▶ _Extracted material_:
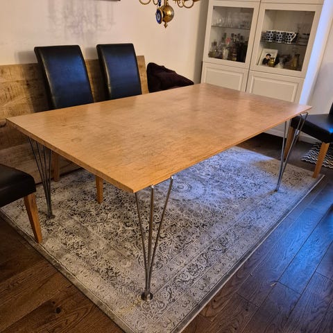 Bordet är helt stabilt men ytskiktet i bordsskivan är lite hårt åtgånget från några år med småbarn vid matbordet. Repor, små nedsänkning osv i lacken. Syns inte på håll men om man tittar nära så är det fullt synligt, se bilder. Passar perfekt om man vill ha ett snyggt matbord utan att behöva vara så rädd om ytan, eller för den som vill rusta upp skivan. Ena kortsidan har en lagning, se bild.
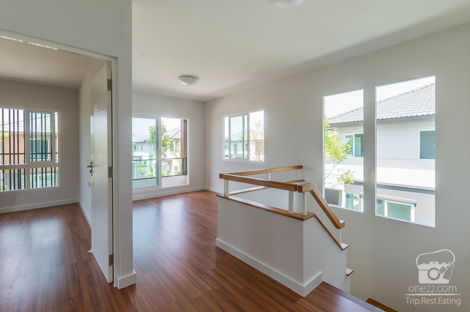 ด้านบนบ้านปูพื้นลามิเนต กว้างขวางดีครับ แยกออกเป็น 3 ห้องนอน และส่วนสำหรับนั่งเล่นติดกับระเบียง
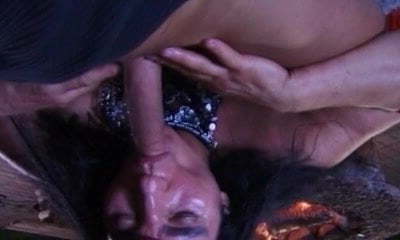 Foxy cowgirl gives an alluring oral job in an epic retro clamp
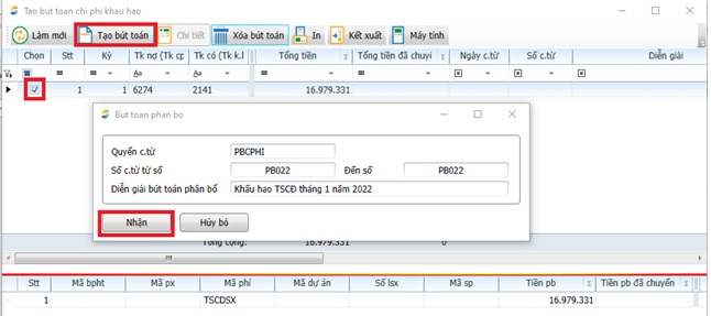 3. Nhấn <<Nhận>> để thực hiện bút toán phân bổ.
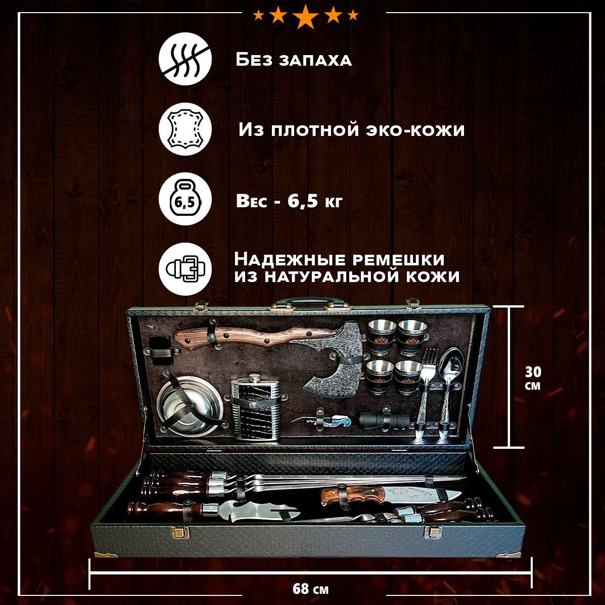 Набор для пикника подарочный в кейсе № 24 от GRILLS FACTORY. На 4 персоны, с коричневым велюром внутри интересное:
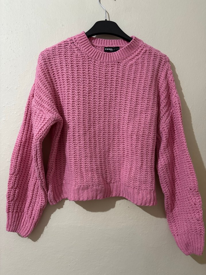 Pembe örgü kadın kazak, uzun kollu ve yuvarlak yakalı, bol kesim ve yumuşak örgü kumaştan. Pastel tonu ve desensiz yapısıyla günlük rahat sokak stiline uygundur.
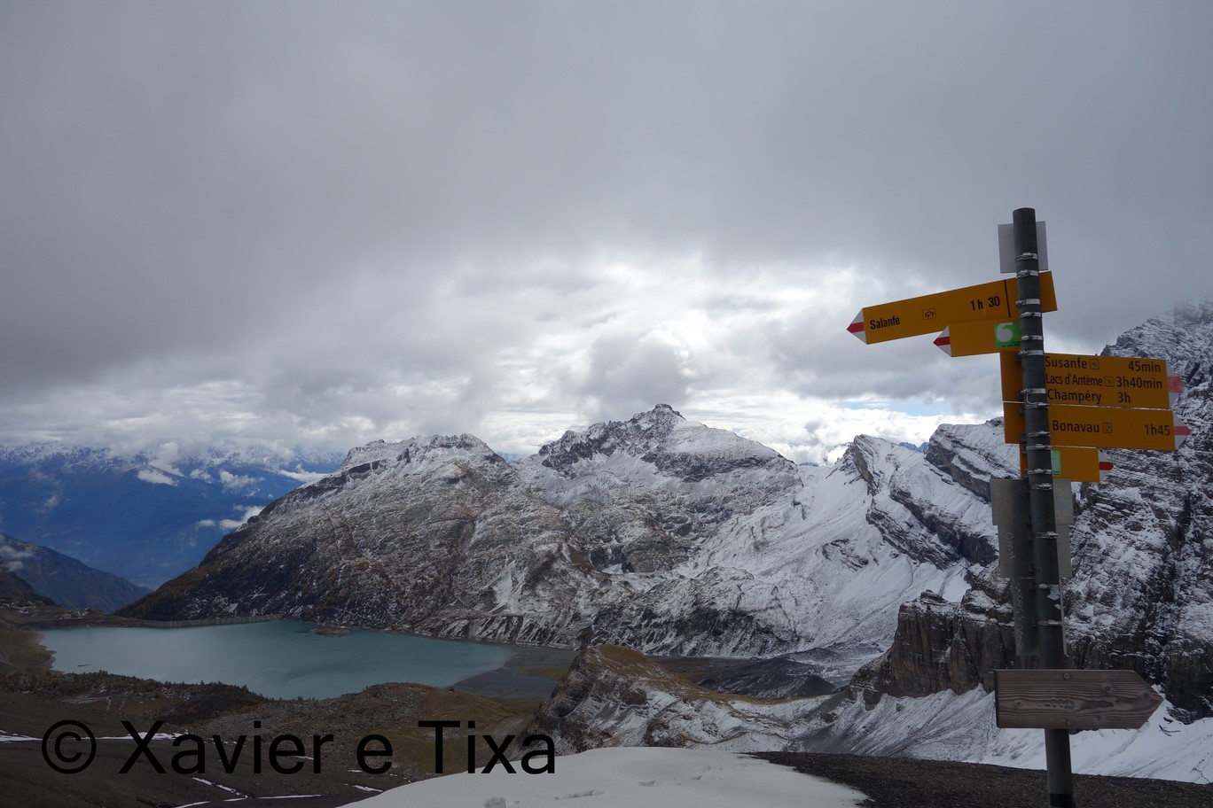 Avancei a um bom ritmo mas chegado ao Col de Susanfe(2493m) o tempo piorou, ainda continuei a subir mas rapidamente abandonei, ia enfiar-me no nevoeiro cerrado e o vento soprava forte.
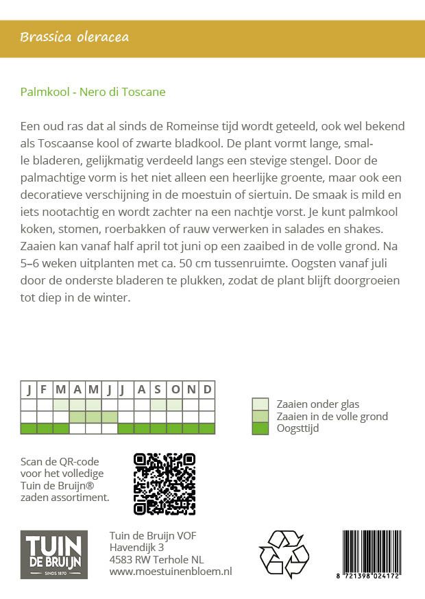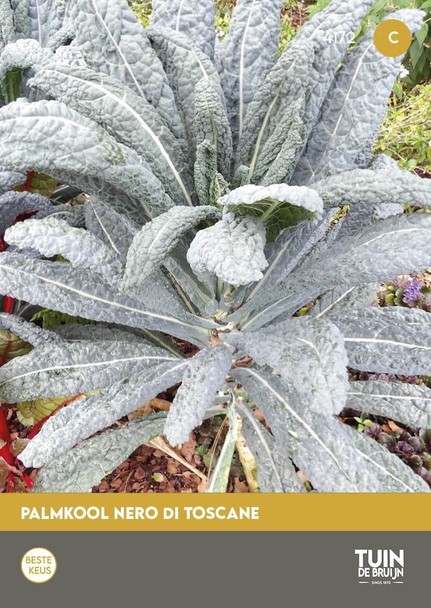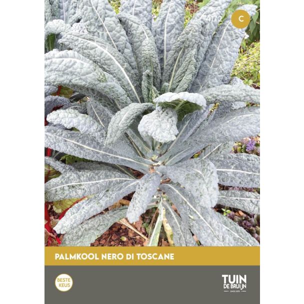 Een oud ras dat al sinds de Romeinse tijd wordt geteeld, ook wel bekend als Toscaanse kool of zwarte bladkool. De plant vormt lange, smalle bladeren, gelijkmatig verdeeld langs een stevige stengel. Door de palmachtige vorm is het niet alleen een heerlijke groente, maar ook een decoratieve verschijning in de moestuin of siertuin. De smaak is mild en iets nootachtig en wordt zachter na een nachtje vorst. Je kunt palmkool koken, stomen, roerbakken of rauw verwerken in salades en shakes. Zaaien kan vanaf half april tot juni op een zaaibed in de volle grond. Na 5–6 weken uitplanten met ca. 50 cm tussenruimte. Oogsten vanaf juli door de onderste bladeren te plukken, zodat de plant blijft doorgroeien tot diep in de winter.
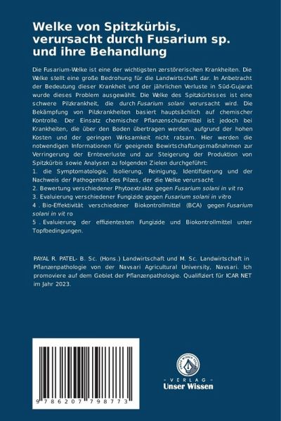 Die Fusarium-Welke ist eine der wichtigsten zerstörerischen Krankheiten. Die Welke stellt eine große Bedrohung für die Landwirtschaft dar. In Anbetracht der Bedeutung dieser Krankheit und der jährlichen Verluste in Süd-Gujarat wurde dieses Problem ausgewählt. Die Welke des Spitzkürbisses ist eine schwere Pilzkrankheit, die durch Fusarium solani verursacht wird. Die Bekämpfung von Pilzkrankheiten basiert hauptsächlich auf chemischer Kontrolle. Der Einsatz chemischer Pflanzenschutzmittel ist jedoch bei Krankheiten, die über den Boden übertragen werden, aufgrund der hohen Kosten und der geringen Wirksamkeit nicht ratsam. Hier werden die notwendigen Informationen für geeignete Bewirtschaftungsmaßnahmen zur Verringerung der Ernteverluste und zur Steigerung der Produktion von Spitzkürbis sowie Analysen zu folgenden Zielen durchgeführt:1. die Symptomatologie, Isolierung, Reinigung, Identifizierung und der Nachweis der Pathogenität des Pilzes, der die Welke verursacht 2. Bewertung verschiedener Phytoextrakte gegen Fusarium solani in vit ro 3. Evaluierung verschiedener Fungizide gegen Fusarium solani in vitro4. Bio-Effektivität verschiedener Biokontrollmittel (BCA) gegen Fusarium solani in vit ro 5. Evaluierung der effizientesten Fungizide und Biokontrollmittel unter Topfbedingungen.
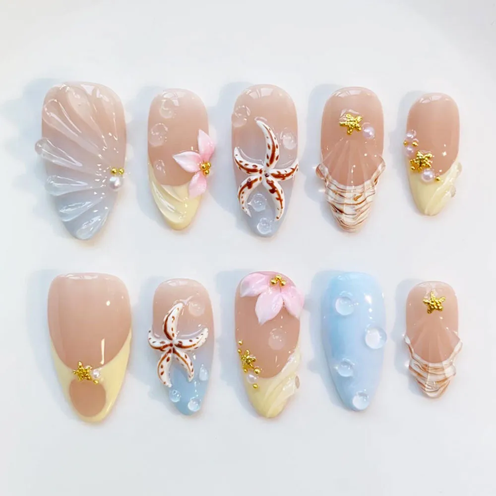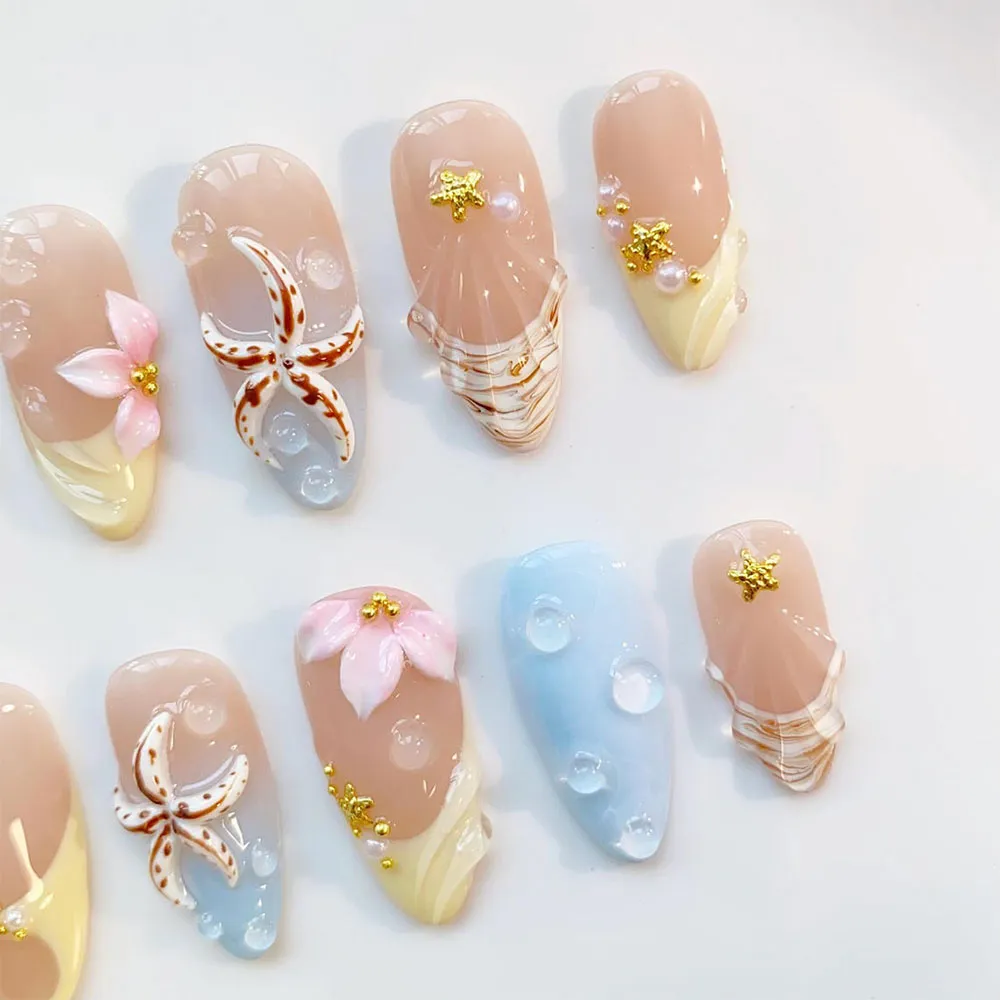 The artistry packed into this press on nails set is exceptional in both variety and detail. The showstopper accent nail features a highly realistic 3D starfish charm rendered in natural brown and white with intricate spot detailing — so lifelike it looks like it was plucked straight from a tide pool. A soft pink 3D floral bloom with a gold bead center rests delicately alongside the starfish on a nude-to-blue gradient base, adding a romantic feminine contrast to the coastal theme. Multiple nails showcase sculptured shell fan reliefs — one in a dreamy blue-to-nude ombré with pearl accent, another in warm champagne tones with fine striated lines — each one glowing with a glossy, glass-like finish. Transparent bubble gel texture on the soft blue nails mimics the look of water droplets and ocean foam, while gold mini starfish charms and pearl bead accents add refined finishing touches across the full set. These fake nails are a complete coastal treasure collection.
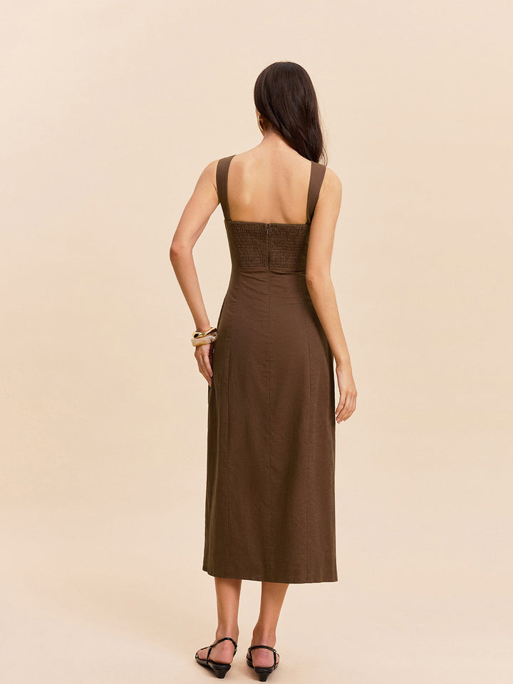 Pamuk Ve Keten Yırtmaçlı Elbise
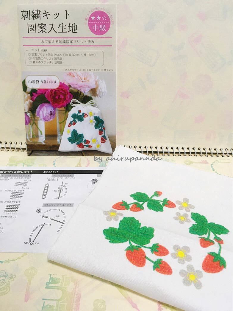 セリア巾着になる刺繍キット イチゴ柄: 作ってる時間が楽しいから。
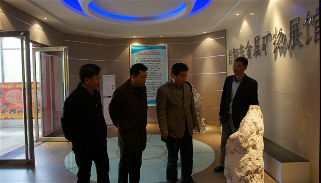 4月13日上午九点半,副董事长齐城在经理办公室副主任王振海的陪同下走进化学实验楼,深入信阳非金属矿物展馆以及各个实验室调查指导工作,详细了解了展馆内非金属矿物的各种属性以及实验设备的使用情况,并与太阳集团tyc151cc领导班子进行了座谈。
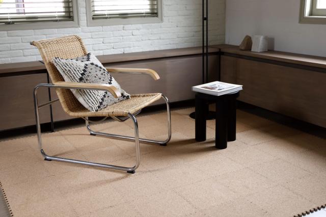 表面は天然コルクを使用しているので、夏はサラッと爽やかに、冬は保温効果もあるので暖かく快適な踏み心地が味わえます。ジョイント部のつなぎ目が目立ちにくくお部屋に馴染むので、こだわりのインテリアにも最適です。
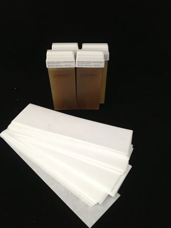 Sie erhalten 4 x Wachspatrone Honig und 100 Vliesstreifen ca. 23 x 7 cm,
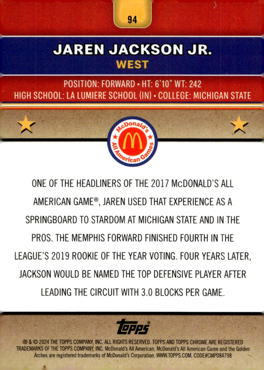 Jaren Jackson Jr. 2024 Topps Chrome McDonald's All American Blue Ray Wave #94

▶ _Task requirements_: Where a picture appears in the records above, omit it, and transcribe exactly the stretch of lines from the one with "The artistry packed" through the one with "4月13日上午九点半,副董事".

▶ _Final answer_:
 The artistry packed into this press on nails set is exceptional in both variety and detail. The showstopper accent nail features a highly realistic 3D starfish charm rendered in natural brown and white with intricate spot detailing — so lifelike it looks like it was plucked straight from a tide pool. A soft pink 3D floral bloom with a gold bead center rests delicately alongside the starfish on a nude-to-blue gradient base, adding a romantic feminine contrast to the coastal theme. Multiple nails showcase sculptured shell fan reliefs — one in a dreamy blue-to-nude ombré with pearl accent, another in warm champagne tones with fine striated lines — each one glowing with a glossy, glass-like finish. Transparent bubble gel texture on the soft blue nails mimics the look of water droplets and ocean foam, while gold mini starfish charms and pearl bead accents add refined finishing touches across the full set. These fake nails are a complete coastal treasure collection.
 Pamuk Ve Keten Yırtmaçlı Elbise
 セリア巾着になる刺繍キット イチゴ柄: 作ってる時間が楽しいから。
 4月13日上午九点半,副董事长齐城在经理办公室副主任王振海的陪同下走进化学实验楼,深入信阳非金属矿物展馆以及各个实验室调查指导工作,详细了解了展馆内非金属矿物的各种属性以及实验设备的使用情况,并与太阳集团tyc151cc领导班子进行了座谈。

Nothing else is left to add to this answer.